→ Information provided:
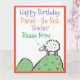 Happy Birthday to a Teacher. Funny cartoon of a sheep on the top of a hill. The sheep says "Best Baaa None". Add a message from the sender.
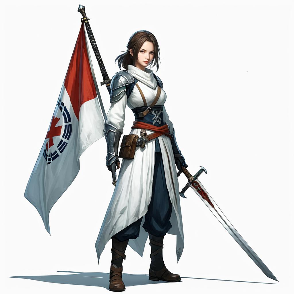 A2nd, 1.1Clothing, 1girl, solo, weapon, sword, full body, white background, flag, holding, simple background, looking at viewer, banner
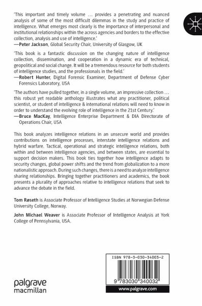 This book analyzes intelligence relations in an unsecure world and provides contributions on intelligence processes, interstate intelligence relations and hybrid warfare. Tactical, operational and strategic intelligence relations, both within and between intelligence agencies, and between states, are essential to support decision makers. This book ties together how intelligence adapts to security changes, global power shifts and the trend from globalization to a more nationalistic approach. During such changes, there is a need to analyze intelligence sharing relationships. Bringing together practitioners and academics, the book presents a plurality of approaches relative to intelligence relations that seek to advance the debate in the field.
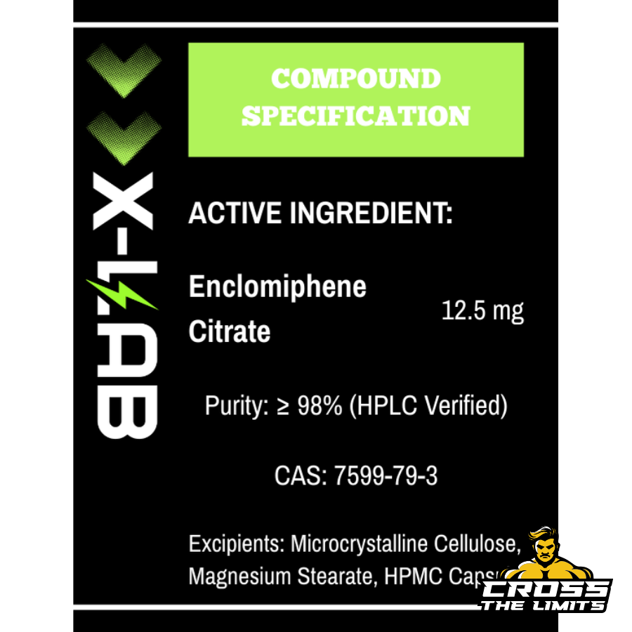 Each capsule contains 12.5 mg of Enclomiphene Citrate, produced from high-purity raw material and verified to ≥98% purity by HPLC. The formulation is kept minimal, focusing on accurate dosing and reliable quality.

→ Aim of the exercise:
Give back the lines word for word, from the very first in the material above to the one that has "A2nd, 1.1Clothing, 1girl, solo, weapon, sword, full", both included, without the pictures.

→ Written solution:
 Happy Birthday to a Teacher. Funny cartoon of a sheep on the top of a hill. The sheep says "Best Baaa None". Add a message from the sender.
 A2nd, 1.1Clothing, 1girl, solo, weapon, sword, full body, white background, flag, holding, simple background, looking at viewer, banner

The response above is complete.